We don’t need imperial elegies. We need revolutionary clarity. Asia isn’t mourning America’s retreat. Asia is living, surviving, adapting—and in many corners, it’s still resisting. The question isn’t whether U.S. imperialism is declining. The question is whether we will seize this decline as a chance to deepen sovereignty, to extend solidarity, to dismantle every last base and contract and comprador clique holding the Global South in chains.
IV. Toward Liberation: Lessons and Action for the Global Struggle
So what do we do with this knowledge? We turn it into fire. Into purpose. Into a weapon for our side of the war.
Because make no mistake—this article, like so much of the imperial press, isn’t just analysis. It’s ideological warfare. Its purpose is to demoralize, to sow doubt, to make the decline of U.S. power feel like a tragic loss for humanity rather than a chance for humanity’s rebirth. It’s designed to keep the American public nostalgic for empire, fearful of multipolarity, mistrustful of any alternative beyond the Pax Americana. Our task, then, is to break that spell—not just for ourselves, but for every worker, every student, every colonized soul still shackled by the myths of imperial benevolence.
We start by naming the enemy. By identifying the media mouthpieces of empire not as “journalists” but as ideological operatives. By pulling apart their narratives with the knife of historical materialism, showing that what they call “order” was violence, what they call “democracy” was dictatorship, what they call “stability” was the enforced quiet of hunger and debt.
We build political education spaces—in classrooms, in kitchens, in union halls, in prison yards—where the truth of imperialism’s decline and the promise of a multipolar world can be studied, debated, and shared. We connect the struggles: the Vietnamese worker resisting privatization, the Cambodian farmer defending their land, the U.S. warehouse worker striking against Amazon, the Black radical confronting the carceral state. Their enemies are intertwined. So must their struggles be.
We organize material solidarity. We stand against U.S. military bases abroad. We demand the closure of AFRICOM, PACOM, and every outpost of imperial occupation. We reject the demonization of China, of Russia, of any nation targeted by U.S. hegemony—not by uncritically endorsing their governments, but by standing against the right of empire to dictate any nation’s path.

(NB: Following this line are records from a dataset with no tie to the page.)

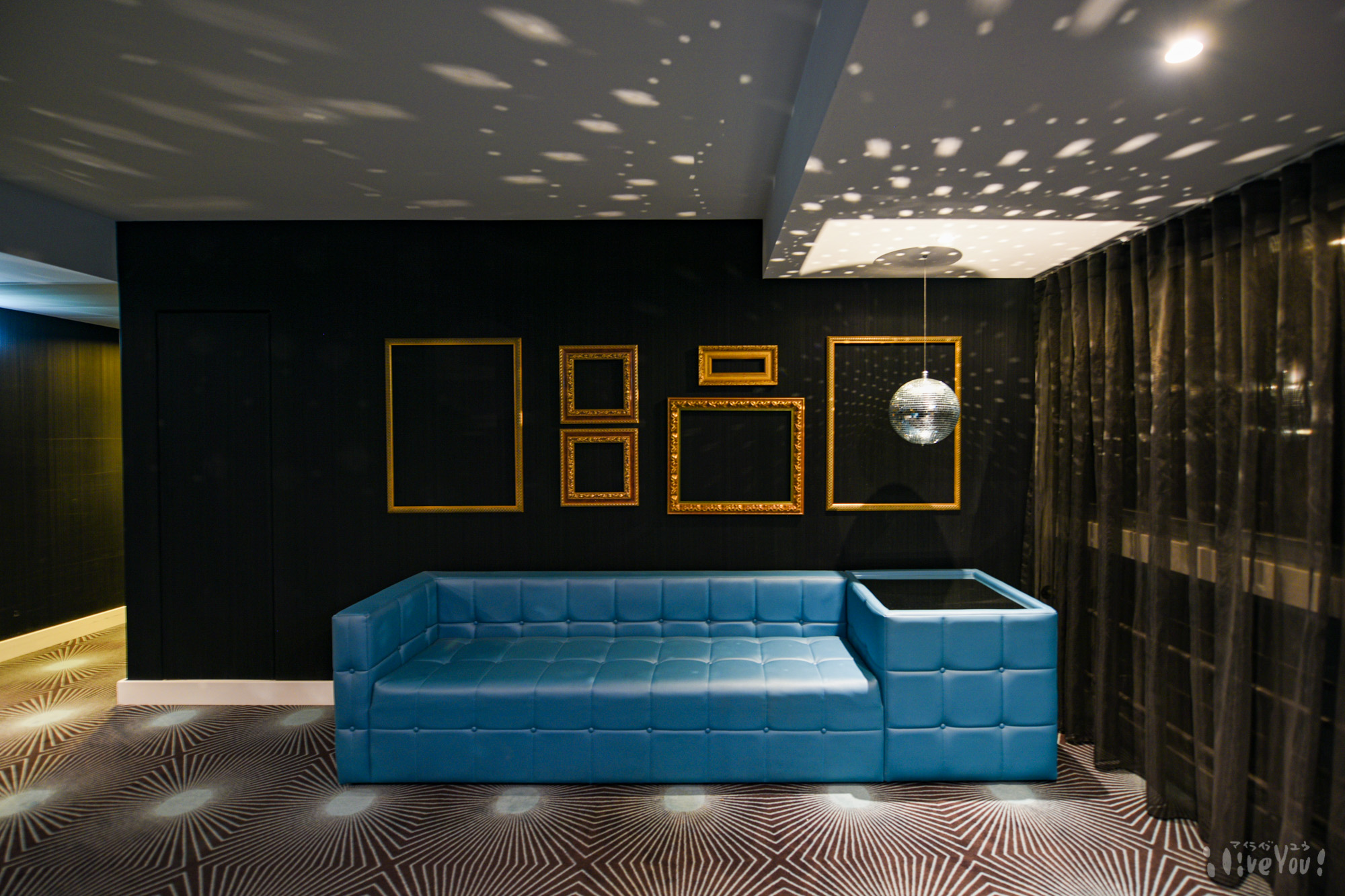 わたしの部屋は10階の「ディスコ」。エレベーターを降りるとミラーボールがお出迎えし、部屋は片面ガラス張りでモダンなインテリアだ。
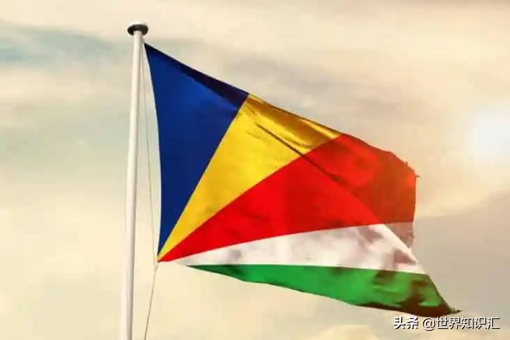 9. 塞舌尔国旗由从左下角散布的蓝色、黄色、红色、白色和绿色光线组成。蓝色代表天空和大海,黄色代表太阳,红色代表人民和他们的工作,白色代表社会正义与和谐,绿色代表土地和自然环境。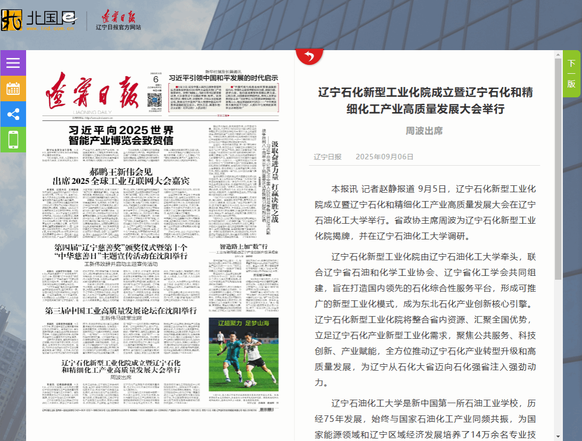 編者按:9月5日,遼寧石化新型工業(yè)化院成立暨遼寧石化和精細化工產業(yè)高質量發(fā)展大會在我校舉行。省政協(xié)主席周波為遼寧石化新型工業(yè)化院揭牌,并在我校調研。遼寧省人民政府網、遼寧省教育廳網站、遼寧衛(wèi)視、遼寧日報、遼寧政協(xié)微信公眾號、中國工業(yè)和信息化中央新聞網站、學習強國遼寧學習平臺、北斗融媒、東北新聞網、北國網、新浪財經等50余家媒體平臺對此進行了宣傳報道。現(xiàn)將相關報道轉載如下: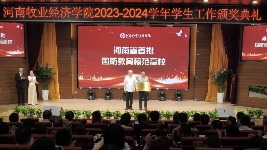 校党委书记穆瑞杰为河南省首批国防教育模范高校获奖单位颁奖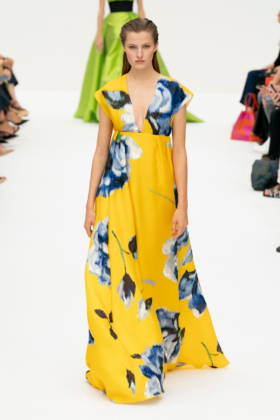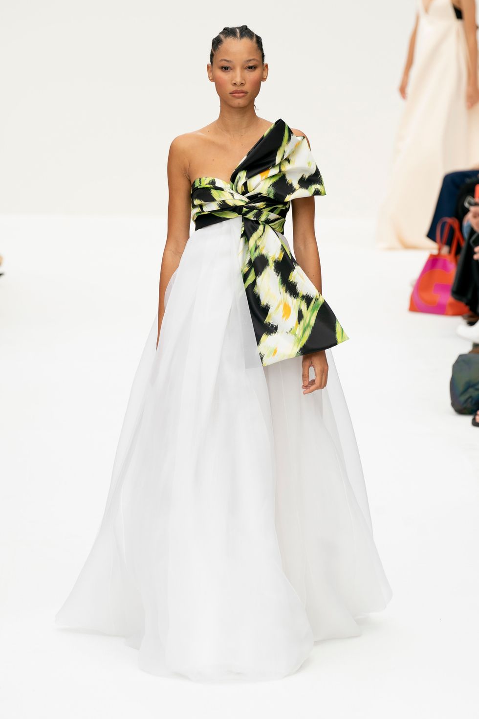For Wes Gordon's third runway collection at Carolina Herrera, he incorporated some familiar design signatures longtime fans of the house will recognize. Crisp white shirts were paired with floor-length skirts in the first couple of looks (a classic Herrera silhouette that the founder herself sports often.) Gordon's sensibility came through in the beautiful, blown up abstract floral prints inspired by the Californian wild flower superbloom. Against the blank canvas of the white runway, these vibrant looks were captivating and made for instant social media fodder. After sending out a series of polished daytime looks, Gordon concluded the show with more of the evening gowns and cocktail dresses the brand is known for. Here's everything else to know about the Spring 2020 collection.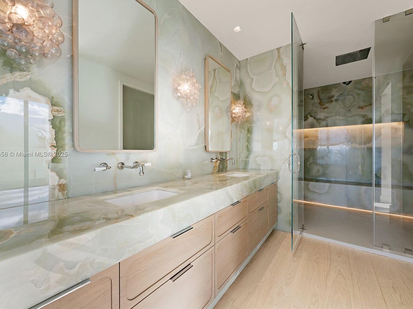 This stunning bathroom boasts a calming aesthetic with its soft green and cream onyx wall panels that create a serene backdrop. The spacious double vanity features a sleek, pale wooden base and radiant stone countertop, harmonizing with the modern design. Two beautifully crafted mirrors are framed elegantly, while sculptural light fixtures add a touch of luxury. A glass-enclosed shower showcases minimalist lines and includes soft, ambient lighting that enhances the tranquil atmosphere. Thoughtfully designed for family use, the open layout promotes accessibility, while stylish finishes ensure this bathroom is both functional and a visual retreat.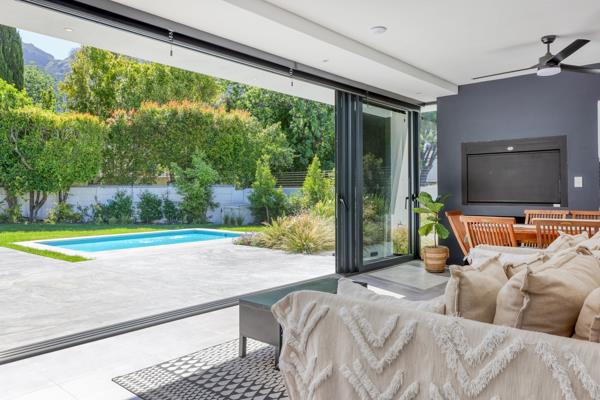 At the heart of the home is a designer kitchen that seamlessly blends form and function featuring premium finishes, integrated appliances, and a separate scullery and laundry for refined practicality. Expansive living and dining areas flow effortlessly onto the outdoor entertainment space, where glass doors open to a sparkling pool, manicured garden and magnificent mountain view ideal for relaxed gatherings or elegant entertaining.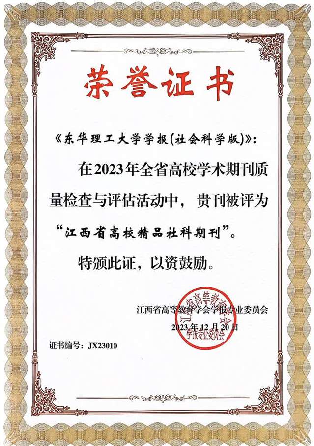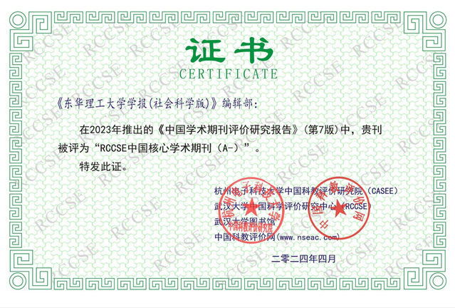 近日,由杭州电子科技大学中国科教评价研究院、武汉大学中国科学评价研究中心、武汉大学图书馆、中国科教评价网等单位联合研制的《中国学术期刊评价研究报告——RCCSE权威、核心期刊排行榜与指南》(第7版)正式发布。《华体会体育官方网站学报(社会科学版)》入选“RCCSE中国核心学术期刊(A-)”。这是继《华体会体育官方网站学报(自然科学版)》成功入编2023版《中文核心期刊要目总览》后,业界对学校办刊质量和学术影响力的又一充分肯定。
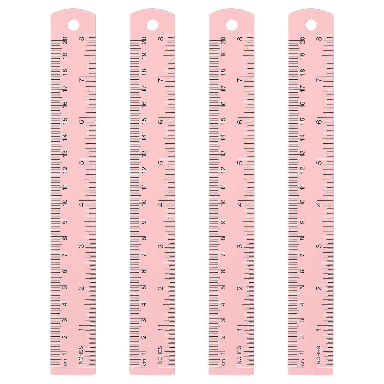 HARFINGTON 4pcs Metal Straight Ruler 20cm Metric SAE Aluminum Alloy Measuring Rulers Scale Tool with Hole for Measure Study Reading Classroom Office, Pink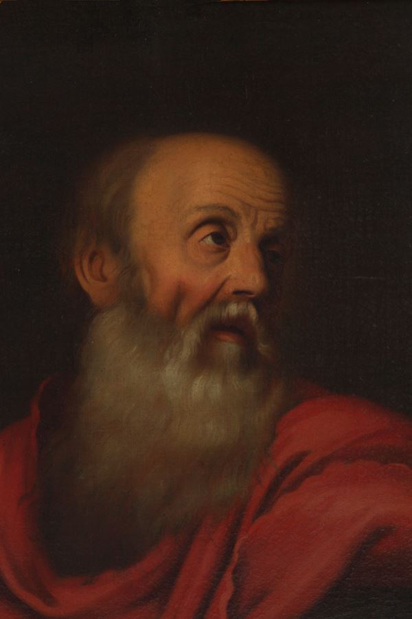 Oil painting on canvas depicting "EVANGELIST". XVII century. In a gilded frame. Already relined and re-stretched. Minor restorations.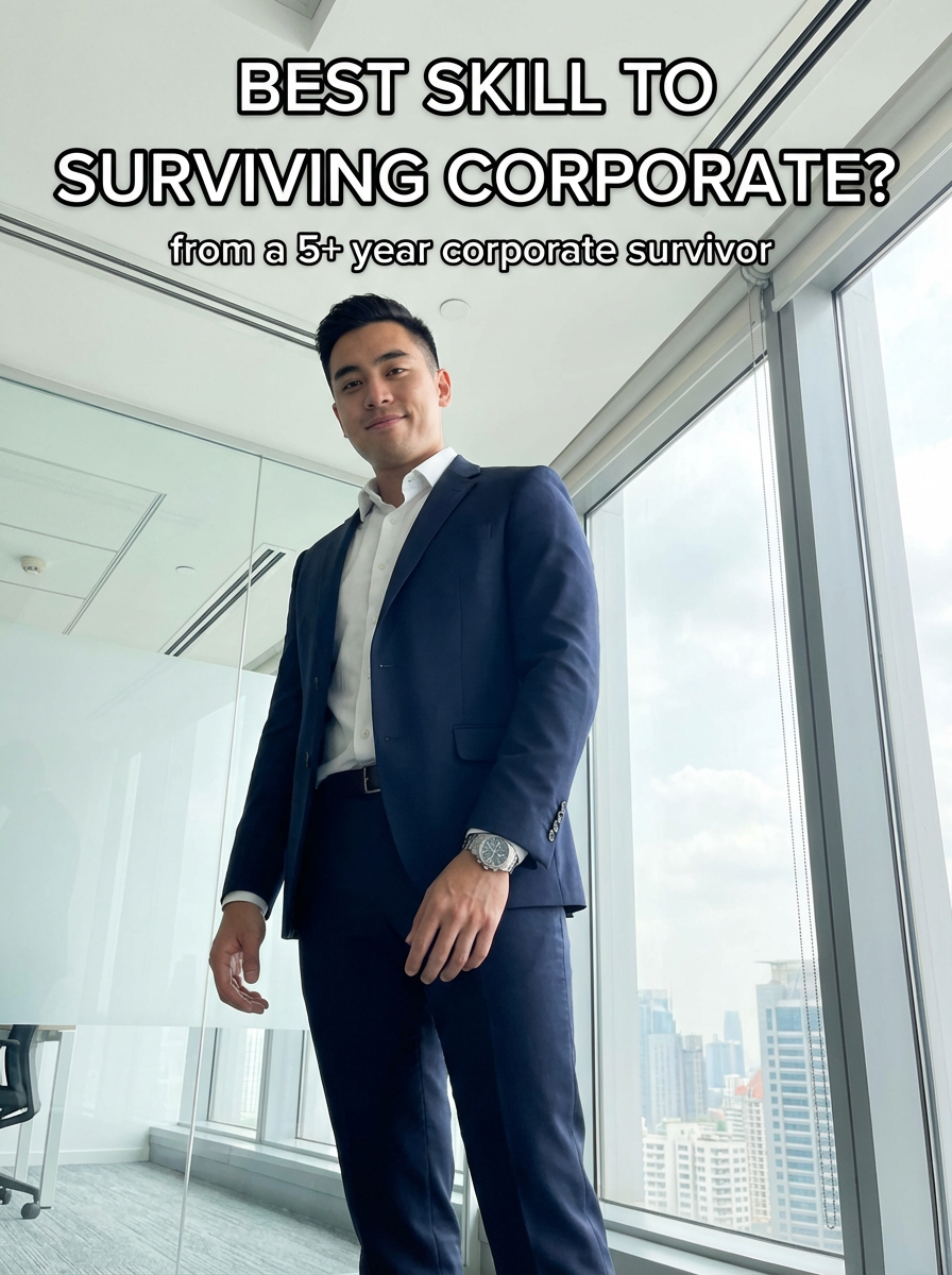 low angle view of model looking down into camera as corporate guy in sleek navy suit, crisp white shirt, silver watch, in a modern glass office. soft diffused daylight filters through windows, casting gentle shadows. background of city skyline. style: polished realism with subtle cinematic depth. TikTok TikTok-style text overlay with white text with black outline: "best skill to surviving corporate?" . smaller text below "(from a 5+ year corporate survivor)", do not show tiktok interface or logo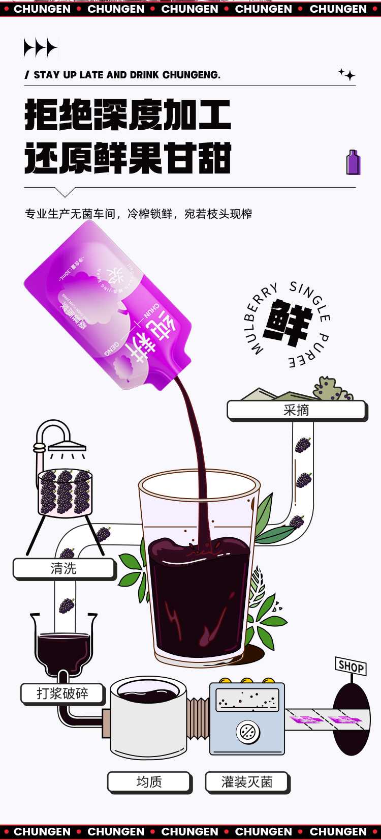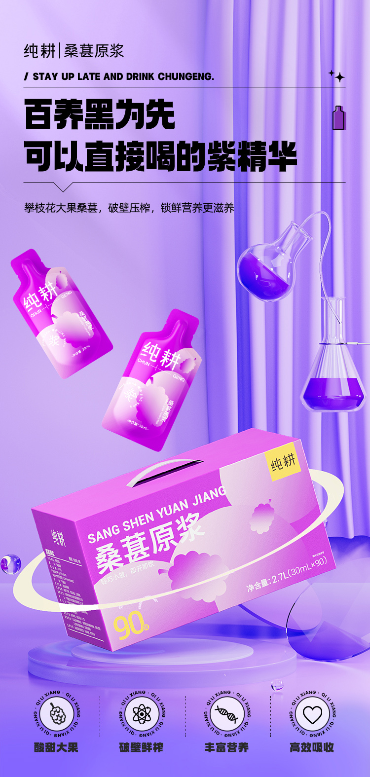 纯耕2.7L(90袋)量贩装桑葚原浆精选四川攀枝花的大果桑葚一袋桑葚原浆≈15颗桑葚榨汁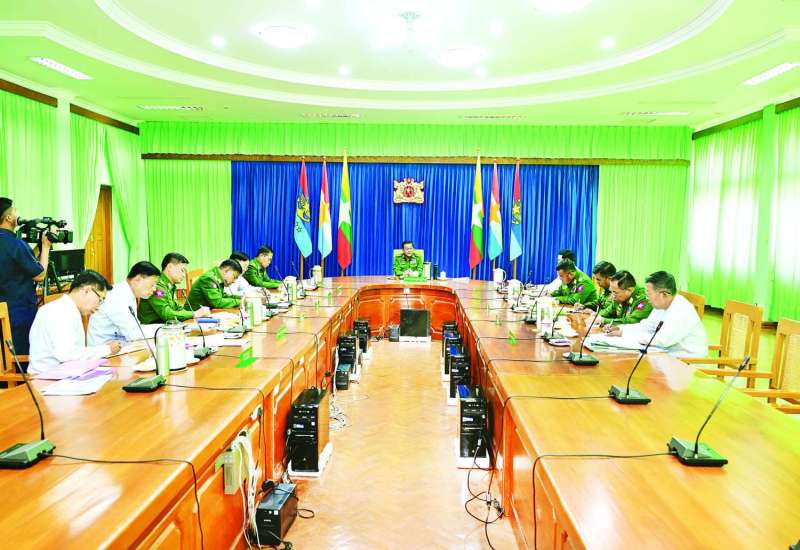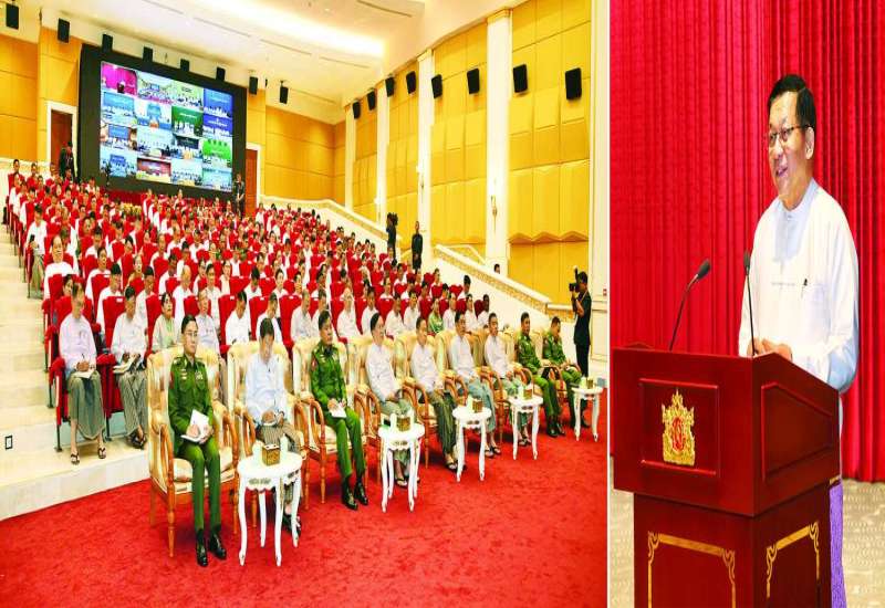 ပြည်ထောင်စုသမ္မတမြန်မာနိုင်ငံတော် ယာယီသမ္မတ နိုင်ငံတော်လုံခြုံရေးနှင့် အေးချမ်းသာယာရေးကော်မရှင်ဥက္ကဋ္ဌ ဗိုလ်ချုပ်မှူးကြီး မင်းအောင်လှိုင်က နိုင်ငံတော်အစိုးရ၏ ၂၀၂၁ ခုနှစ်မှ ၂၀၂၅ ခုနှစ်အတွင်း နိုင်ငံတော်ဖွံ့ဖြိုးတိုးတက်စေရေး ဆောင်ရွက်ခဲ့မှုနှင့်ပတ်သက်၍ ပြန်လည်သုံးသပ်ဆွေးနွေးမှာကြားခြင်းအား ယနေ့မွန်းလွဲပိုင်းတွင် နေပြည်တော်၊ အမျိုးသားကာကွယ်ရေးနှင့် လုံခြုံရေးကောင်စီရုံး၊ သဘင်ဆောင်ခန်းမ၌ ကျင်းပပြုလုပ်သည်။

And we fight to decolonize the mind. Every time a liberal pundit mourns the “loss” of U.S. influence, we remind them: it wasn’t yours to begin with. Every time a newspaper warns of “Chinese expansion,” we ask: compared to whose map, whose bombs, whose bases? Every time they fear a world no longer ruled from Washington, we ask: why should the world obey a power built on genocide, slavery, and theft?
Mao Zedong told us: the masses are not passive spectators of history. They are the makers of history. The Vietnamese Revolution wasn’t handed down from Paris or Moscow or Beijing—it was forged in the jungles, the rice paddies, the cities, by the people themselves. And that’s the lesson we carry forward: that every empire is mortal, that every narrative can be overturned, that every chain can be broken by those who refuse to accept them as permanent.
This isn’t just about Asia. It’s about all of us. About Palestine. About Haiti. About Sudan. About the barrios, the reservations, the ghettos, the favelas, the abandoned factories of the imperial core. We all stand in the shadow of empire. But we also stand in the blaze of its decline. And from that fire, we must forge the tools—not just to analyze, not just to explain—but to overthrow.
The New York Times may cling to its ghosts. But we carry our dead forward—not as specters, but as comrades, as teachers, as reminders that the struggle is not over, that the road is not closed, that the next victory is ours to win.